→ WORK TO BE COMPLETED
Restate word for word the lines below, from the one containing "Mistrzowie Francji mają" through the final line, with no pictures included.

→ EXTRACTED MATERIAL
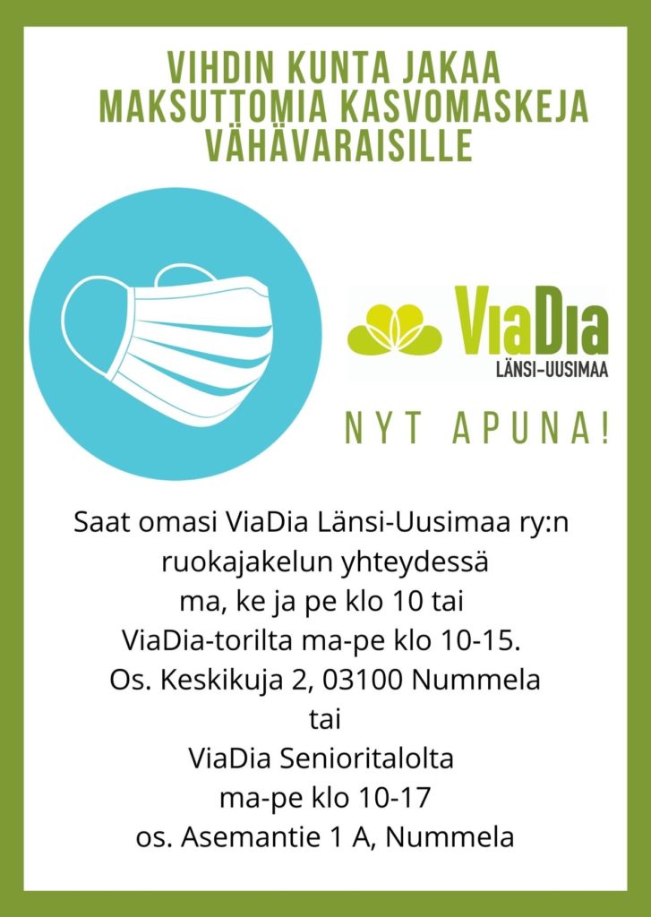 ViaDialta – ruokajakelun yhteydessä ma, ke ja pe klo 10 tai ViaDia-torilta ma-pe klo 10-15 (Keskikuja 2, Nummela) tai ViaDia Senioritalolta ma-pe klo 10-17 (Asemantie 1 A, Nummela).
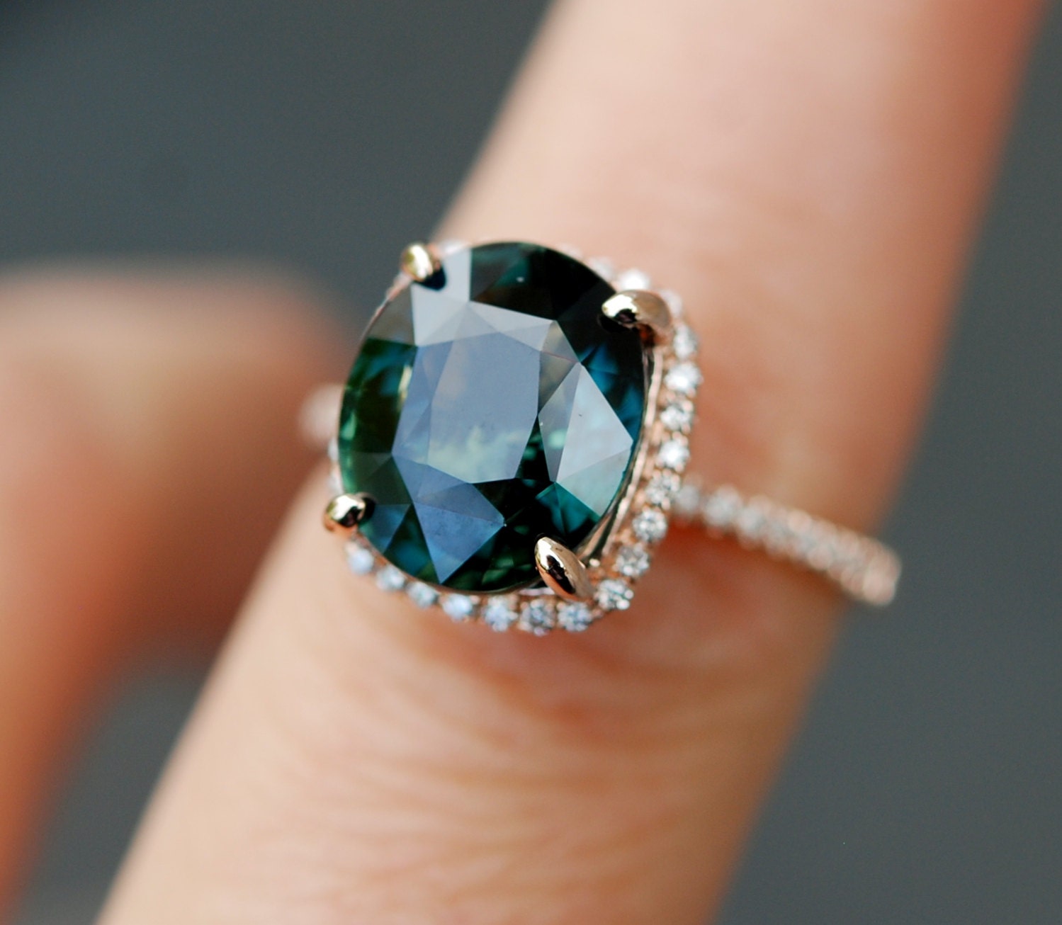 Green Sapphire And Diamond Engagement Ring - Custom Blue-green Sapphire And Diamond Engagement Ring ... / James allen blue sapphire oval cut halo engagement ring in 14k rose gold, $3,080, jamesallen.com.
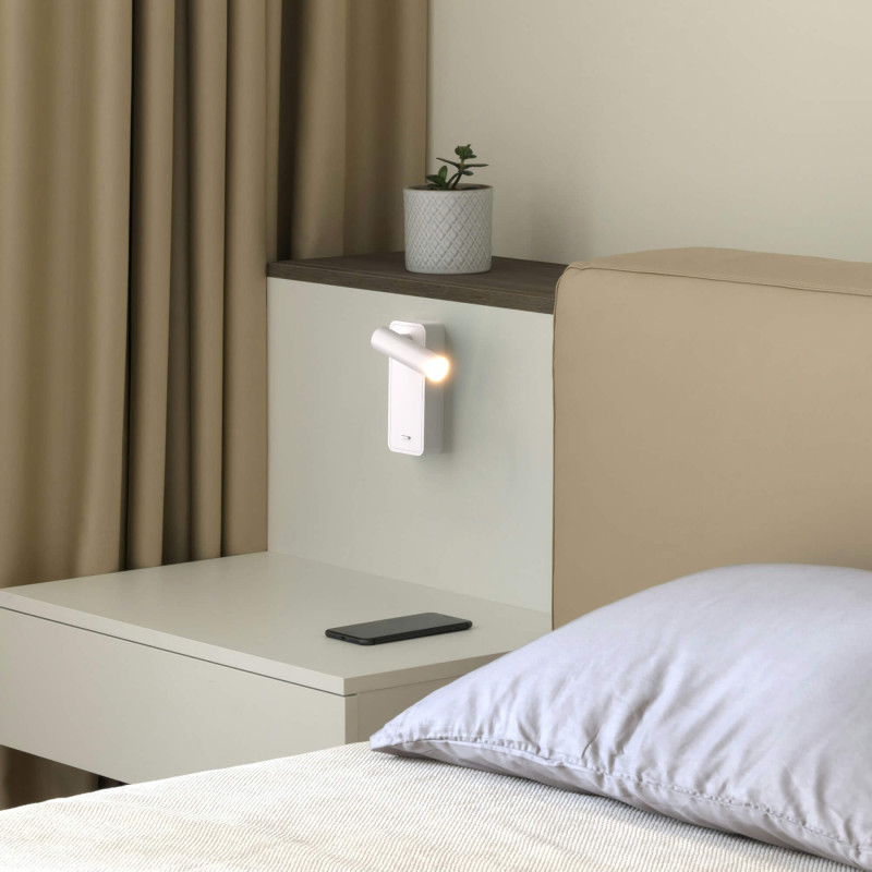Perfect for bed headboards, this LED wall light combines contemporary design with maximum practicality.
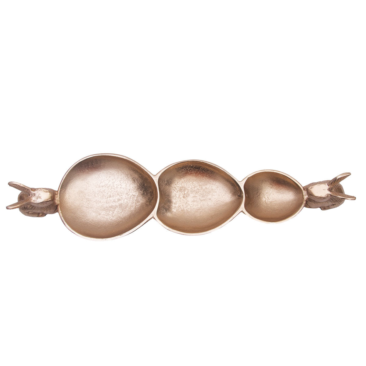 Add a touch of whimsy to spring decor with the Metal Sectional Bunny Plate. This unique, light bronzed decorative piece features two sitting bunnies on either side, with three eggs connecting them in the center, creating a charming and playful design. Perfect for Easter celebrations or as an elegant decorative accent, the metallic sheen adds a sophisticated touch to any tabletop or display. This delightful bunny plate serves as a beautiful statement piece that brings seasonal cheer and style to any space.
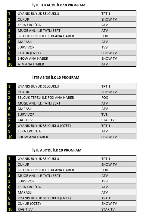 AB'de ise 1.sırada “Uyanış Büyük Selçuklu”, 2.sırada “Çukur”, 3.sırada “Selçuk Tepeli İle Fox Ana Haber” yer aldı.
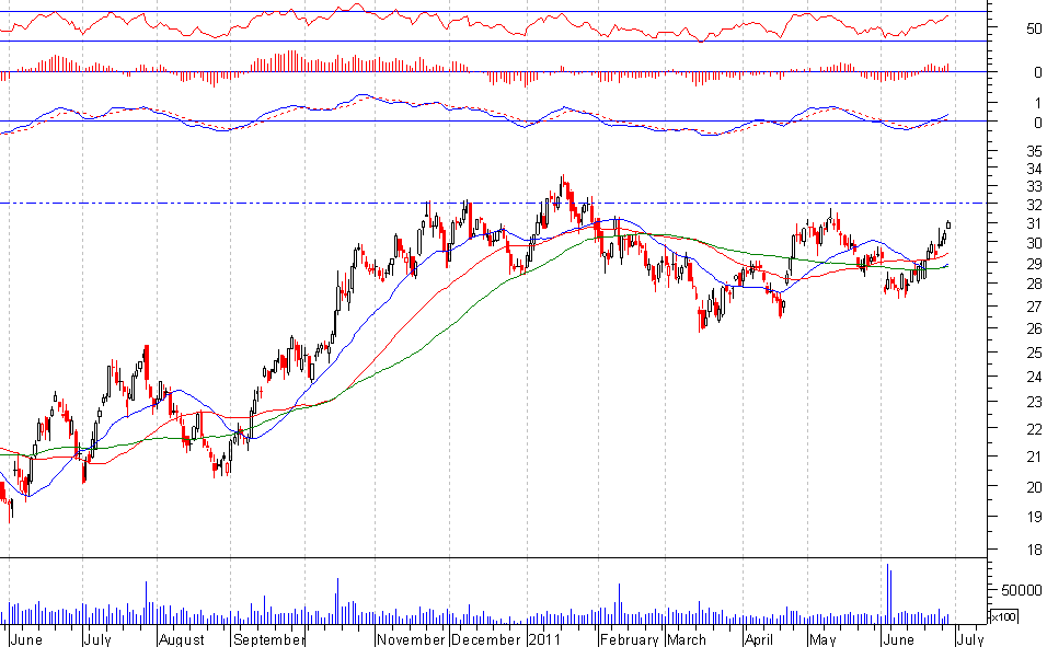 Identifico um suporte na zona dos 28 e uma resistência algures pelos 31,5 - o título tem estado a flutuar dentro deste intervalo e por isso enquanto a cotação se mantiver nestes valores não consigo prever o que vai acontecer à acção. Em caso de ruptura pelo lado superior, espero que o título arranque para novos máximos; se, pelo contrário, os 28 não segurarem a cotação, acredito numa correcção mais ampla, possivelmente até aos 25 (antiga resistência, actual suporte).
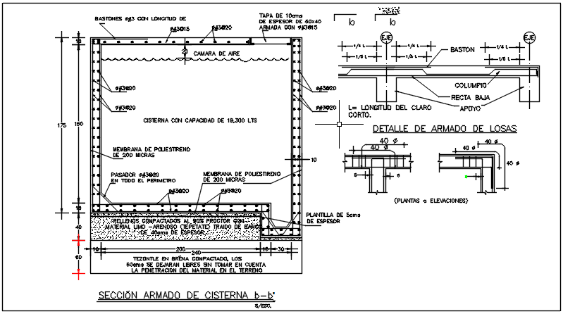 Section of armado de cisterna detail dwg file, Section of armado de cisterna detail with reinforcement detail, dimension detail, naming detail, etc.
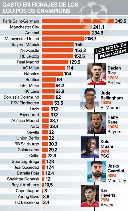 Mistrzowie Francji mają wielki apetyt na triumf w Lidze Mistrzów. W związku z tym, latem przeznaczyli prawie 350 milionów euro na transfery. Drugi w tym zestawieniu jest Manchester City. Obrońca tytułu wydał na nowych piłkarzy 241,1 mln euro, czyli aż o 108,4 mln euro mniej niż PSG.
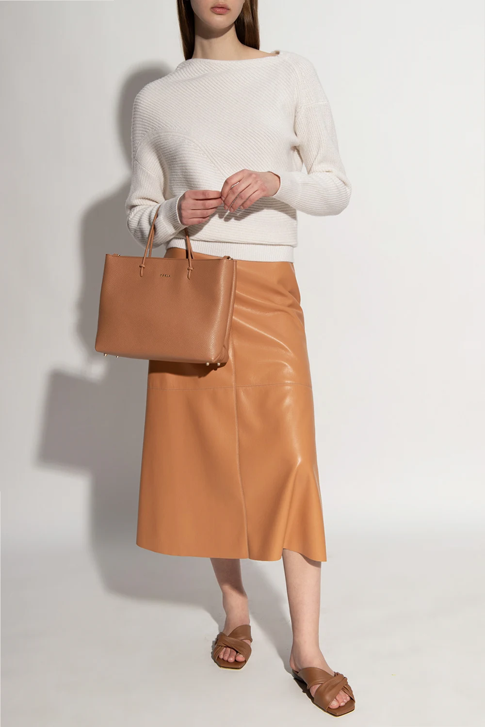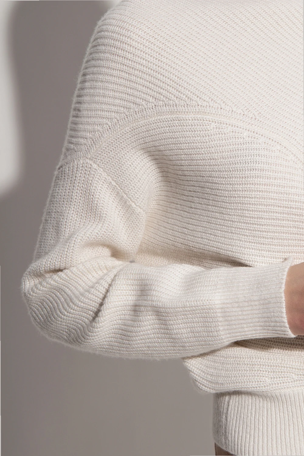 Kremowy, pleciony sweter Michael Kors. Wykonany z kaszmiru i jedwabiu. Dół i rękawy zakończone ściągaczami.
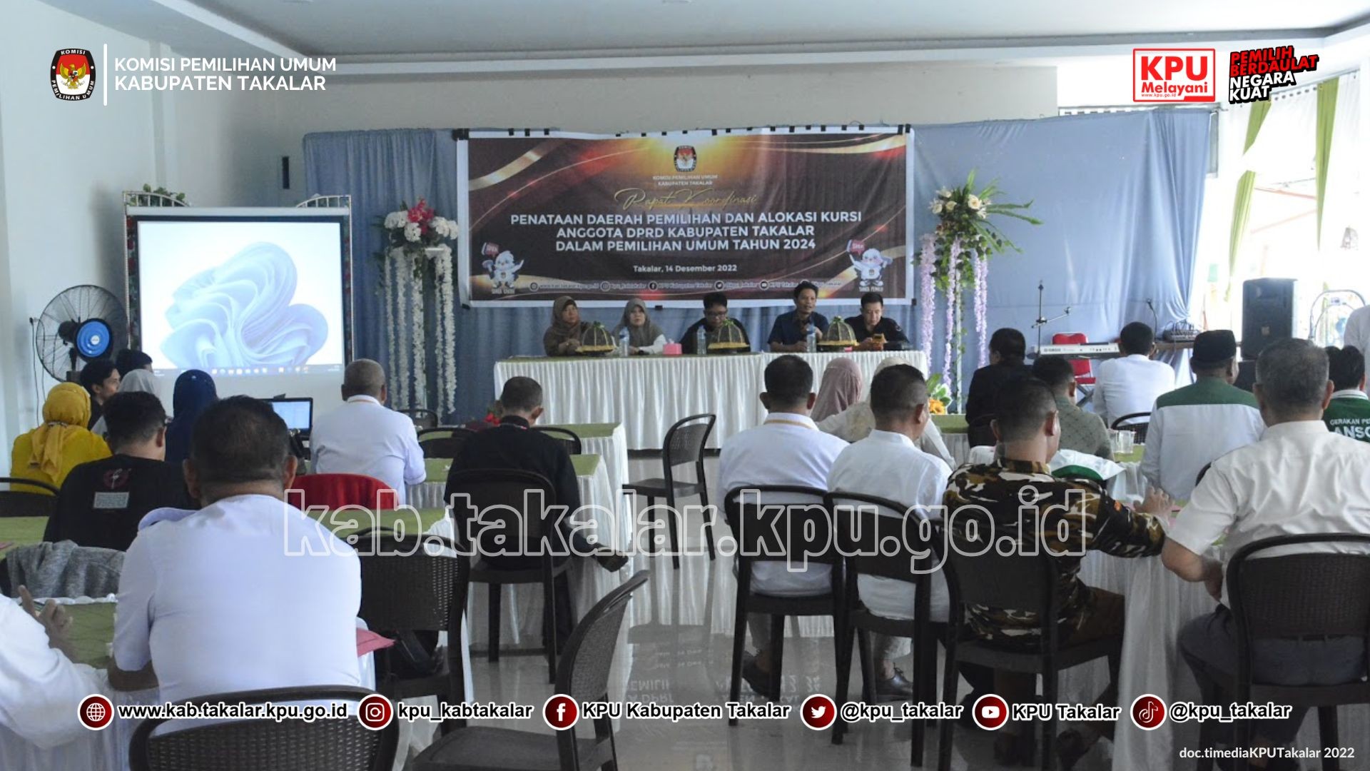 Takalar, kab-takalar.kpu.go.id, Berdasarkan Peraturan KPU nomor 6 tahun 2022 tentang Penataan Daerah Pemilihan dan Alokasi Kursi Anggota DPRD Kabupaten/Kota dalam Pemiliu tahun 2024, KPU Kabupaten Takalar melaksanakan Rapat Koordinasi terkait usulan rancangan Penataan Daerah Pemilihan dan Alokasi Kursi Anggota DPRD Kabupaten Takalar dalam Pemilihan Umum tahun 2024, Rabu (14/12/2022).
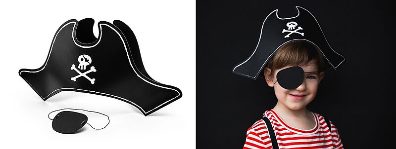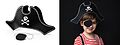 Piratenhut mit Augenklappe, aus schwarzem Papier mit weißem Druck, Maße des Hutes: Kopföffnung ca. 23 x 18 cm, Höhe ca. 14 cm, Maße der Augenklappe: 7 x 5,5 cm.
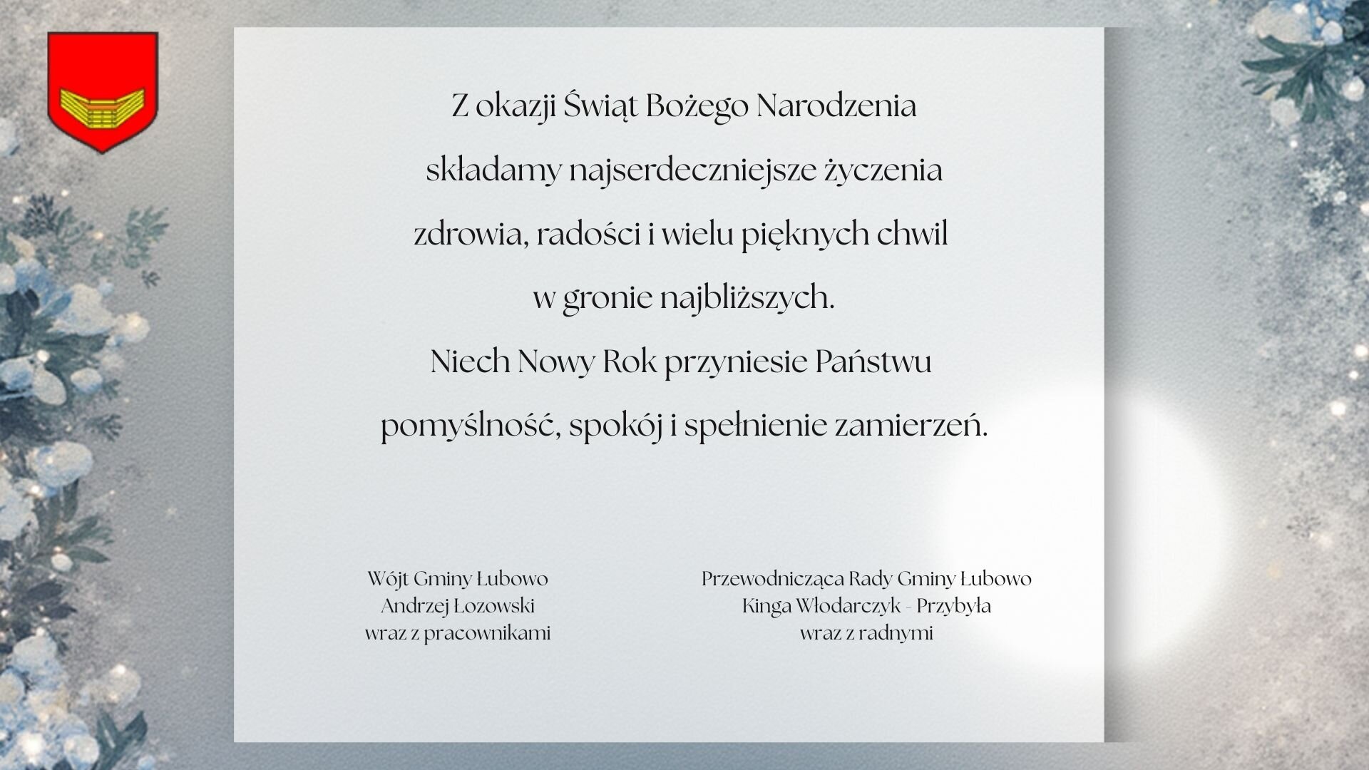 Życzenia z okazji Świąt Bożego Narodzenia i Nowego Roku składają:
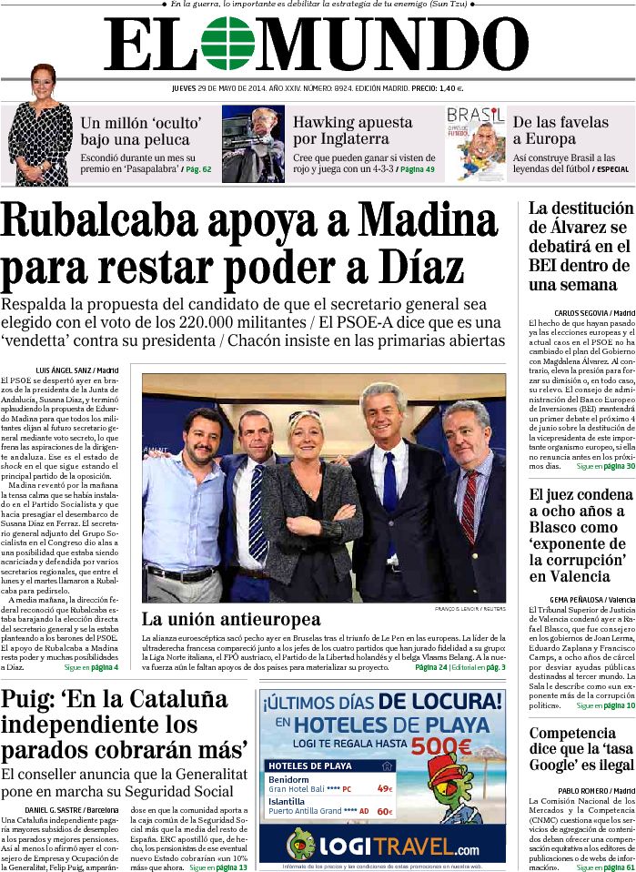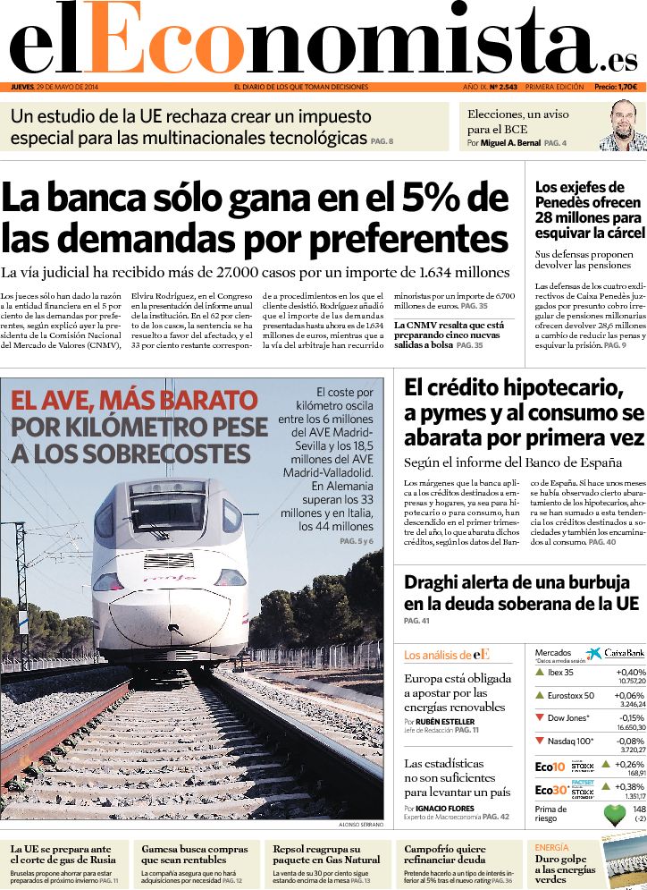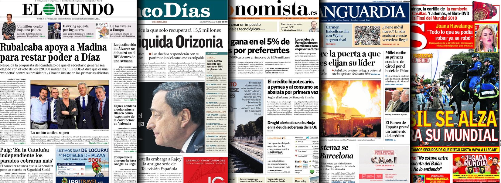 Portadas de los diarios El Mundo, El País, ABC, La Razón, La Vanguardia, El Periódico, Cinco Días, El Economista, Expansión, Marca, As, Mundo Deportivo y Sport.

→ EXERCISE SOLUTION
 Mistrzowie Francji mają wielki apetyt na triumf w Lidze Mistrzów. W związku z tym, latem przeznaczyli prawie 350 milionów euro na transfery. Drugi w tym zestawieniu jest Manchester City. Obrońca tytułu wydał na nowych piłkarzy 241,1 mln euro, czyli aż o 108,4 mln euro mniej niż PSG.
 Kremowy, pleciony sweter Michael Kors. Wykonany z kaszmiru i jedwabiu. Dół i rękawy zakończone ściągaczami.
 Takalar, kab-takalar.kpu.go.id, Berdasarkan Peraturan KPU nomor 6 tahun 2022 tentang Penataan Daerah Pemilihan dan Alokasi Kursi Anggota DPRD Kabupaten/Kota dalam Pemiliu tahun 2024, KPU Kabupaten Takalar melaksanakan Rapat Koordinasi terkait usulan rancangan Penataan Daerah Pemilihan dan Alokasi Kursi Anggota DPRD Kabupaten Takalar dalam Pemilihan Umum tahun 2024, Rabu (14/12/2022).
 Piratenhut mit Augenklappe, aus schwarzem Papier mit weißem Druck, Maße des Hutes: Kopföffnung ca. 23 x 18 cm, Höhe ca. 14 cm, Maße der Augenklappe: 7 x 5,5 cm.
 Życzenia z okazji Świąt Bożego Narodzenia i Nowego Roku składają:
 Portadas de los diarios El Mundo, El País, ABC, La Razón, La Vanguardia, El Periódico, Cinco Días, El Economista, Expansión, Marca, As, Mundo Deportivo y Sport.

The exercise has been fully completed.